- _Records shown_:
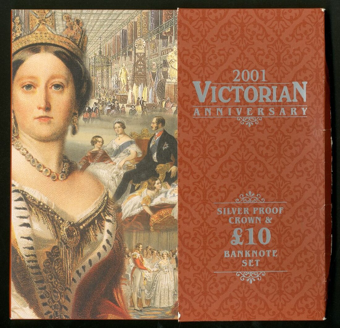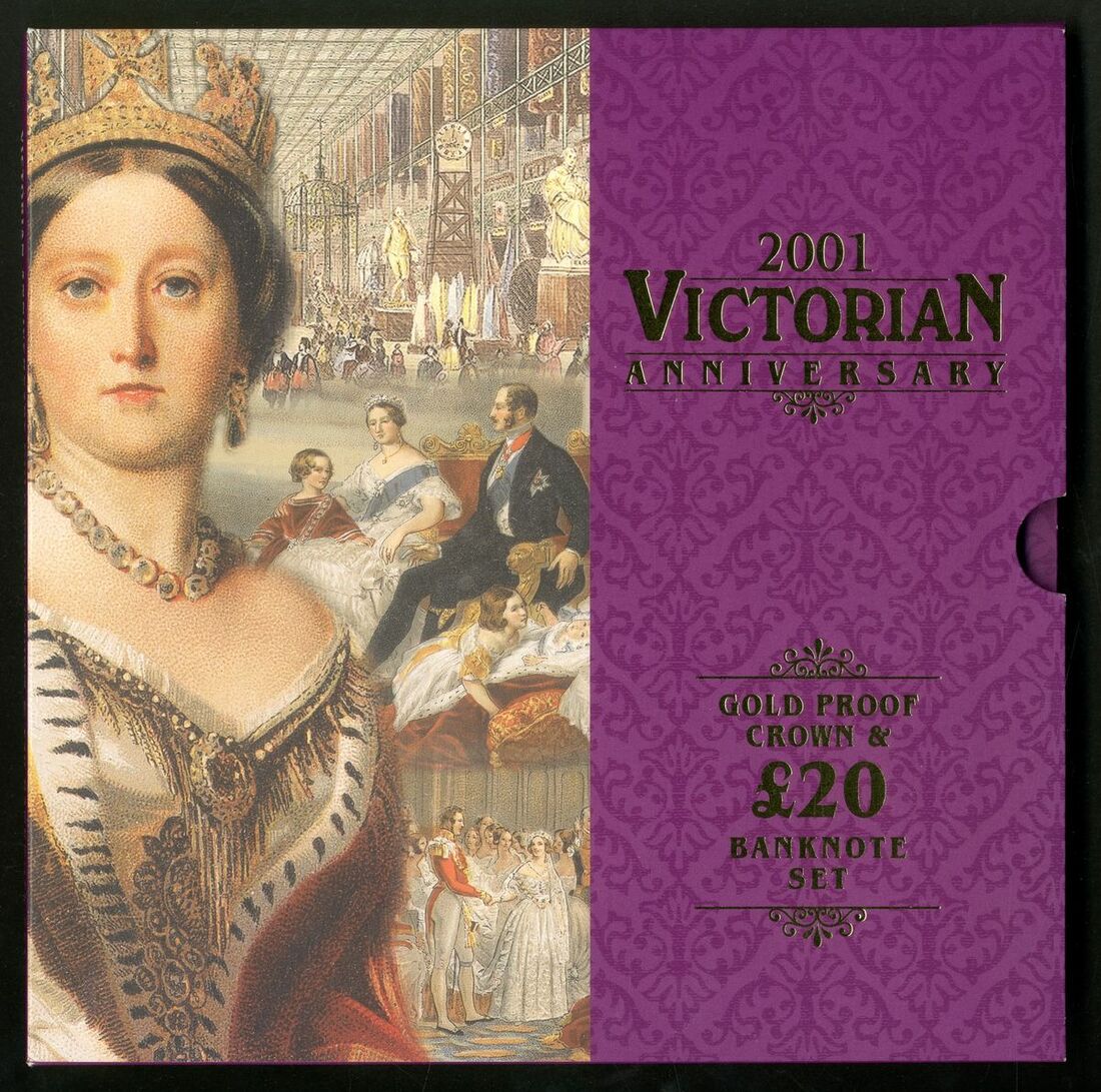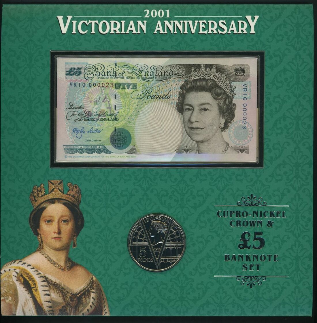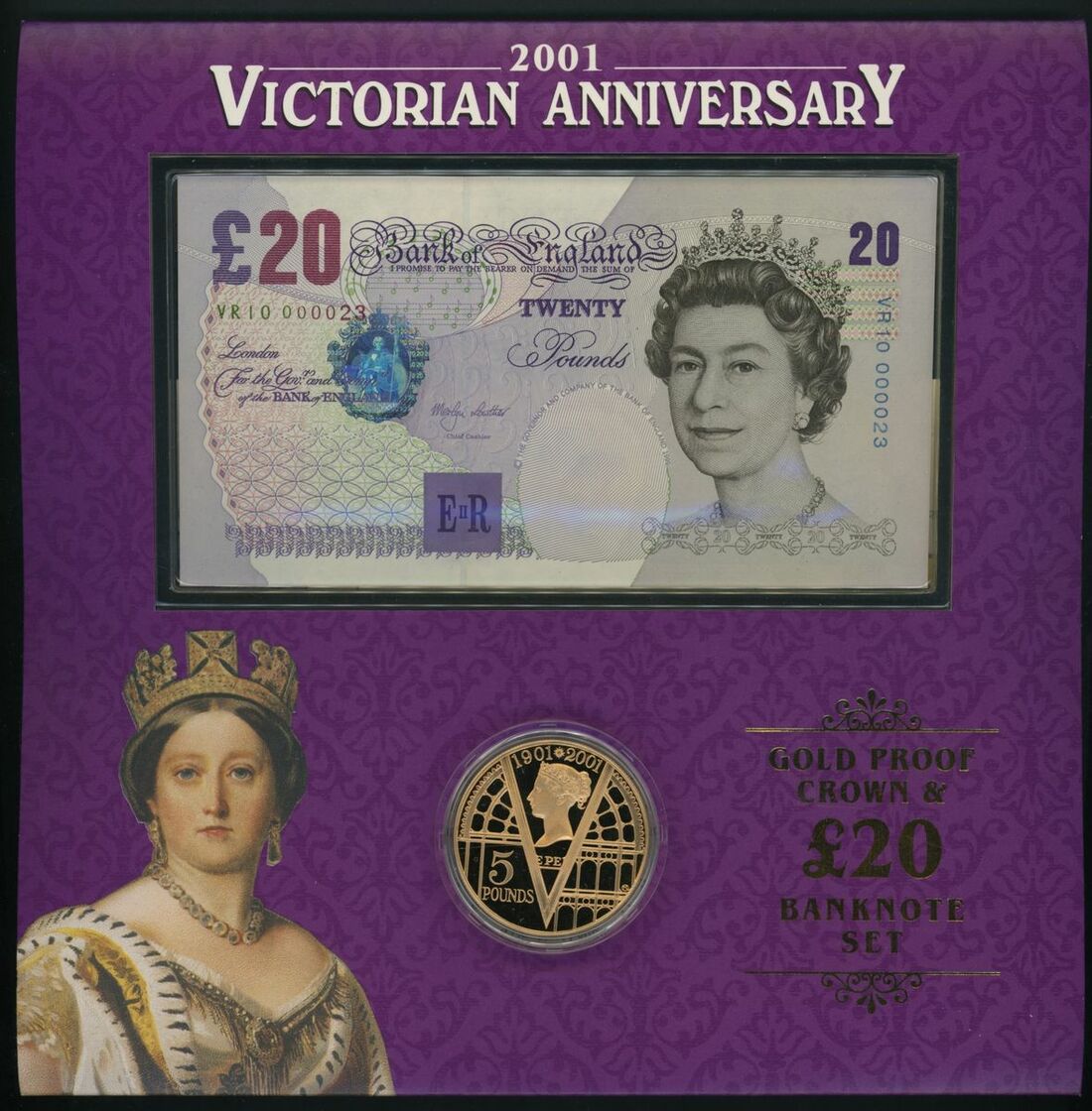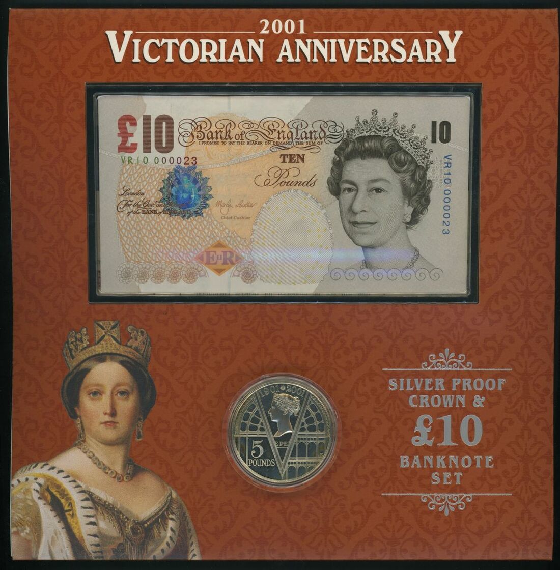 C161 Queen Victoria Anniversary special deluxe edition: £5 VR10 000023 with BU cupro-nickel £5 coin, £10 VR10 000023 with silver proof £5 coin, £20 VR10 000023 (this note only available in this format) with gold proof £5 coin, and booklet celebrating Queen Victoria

* * *

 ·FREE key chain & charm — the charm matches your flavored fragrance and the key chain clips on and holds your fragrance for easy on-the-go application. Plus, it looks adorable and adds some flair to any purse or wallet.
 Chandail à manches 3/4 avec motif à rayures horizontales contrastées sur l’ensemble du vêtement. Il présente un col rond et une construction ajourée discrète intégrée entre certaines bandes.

- _Exercise_: From the listing above, output exactly the run of lines that starts with the line containing "purse or wallet." and ends with the line containing "Chandail à manches".

- _Written reply_:
 ·FREE key chain & charm — the charm matches your flavored fragrance and the key chain clips on and holds your fragrance for easy on-the-go application. Plus, it looks adorable and adds some flair to any purse or wallet.
 Chandail à manches 3/4 avec motif à rayures horizontales contrastées sur l’ensemble du vêtement. Il présente un col rond et une construction ajourée discrète intégrée entre certaines bandes.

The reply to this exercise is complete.